-------- The records --------
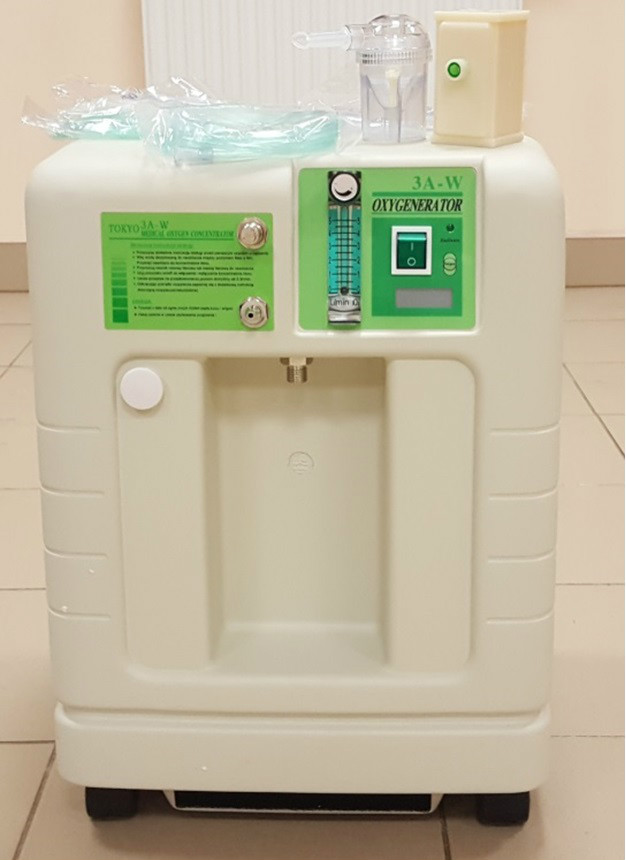 Koncentrator tlenu Koncentrator to urządzenie, wykorzystywane do dostarczania pacjentowi ciągłych dawek powietrza ze zwiększoną zawartością tlenu. Zwiększa to wydolność układu krążeniowo- oddechowego, dotlenia mięsień sercowy.
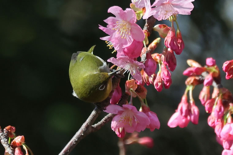 近所の野鳥観察公園の横浜緋桜が開花し、メジロが蜜を吸いに来ていました。
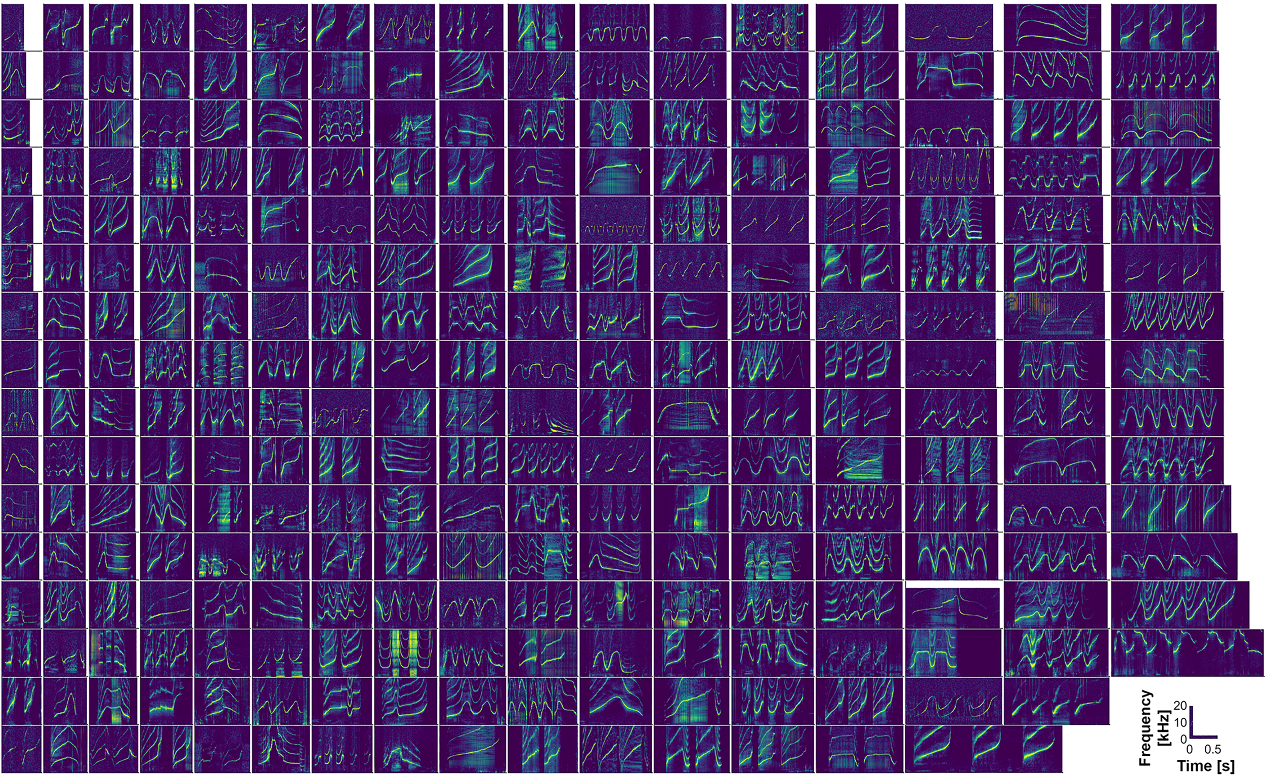 Figure 3 A single example spectrogram (48 kHz sample rate, 1024 pt Hanning window, 75% overlap) is plotted for each of 269 individual bottlenose dolphins. Whistles are sorted in columns based on increasing duration, and time and frequency axes are standardized.
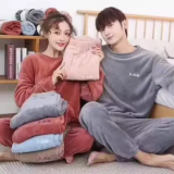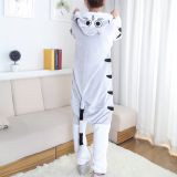 Chi's Sweet Cat Cartoon Flannel Conjoined Polyester Couple Pajamas
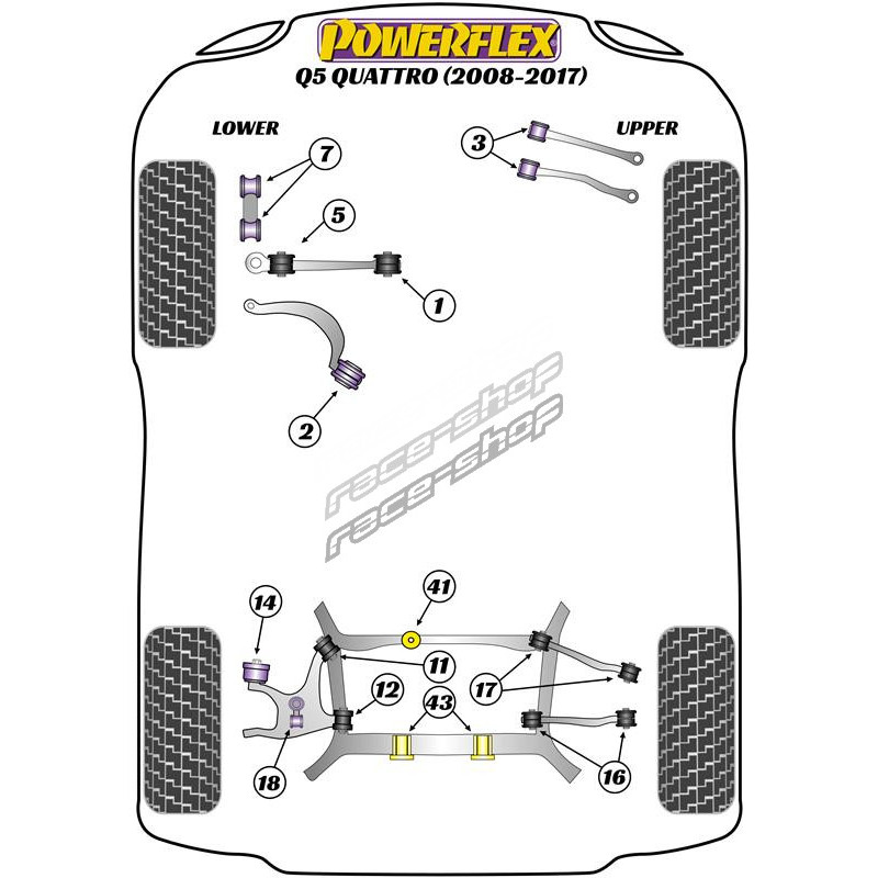 Powerflex Bucșă exterior pivoți direcție spate Audi Q5 Quattro (2008-2017)
--------
### Your task
The data above are to be repeated word for word, with any pictures left out.

### Answer section
 Koncentrator tlenu Koncentrator to urządzenie, wykorzystywane do dostarczania pacjentowi ciągłych dawek powietrza ze zwiększoną zawartością tlenu. Zwiększa to wydolność układu krążeniowo- oddechowego, dotlenia mięsień sercowy.
 近所の野鳥観察公園の横浜緋桜が開花し、メジロが蜜を吸いに来ていました。
 Figure 3 A single example spectrogram (48 kHz sample rate, 1024 pt Hanning window, 75% overlap) is plotted for each of 269 individual bottlenose dolphins. Whistles are sorted in columns based on increasing duration, and time and frequency axes are standardized.
 Chi's Sweet Cat Cartoon Flannel Conjoined Polyester Couple Pajamas
 Powerflex Bucșă exterior pivoți direcție spate Audi Q5 Quattro (2008-2017)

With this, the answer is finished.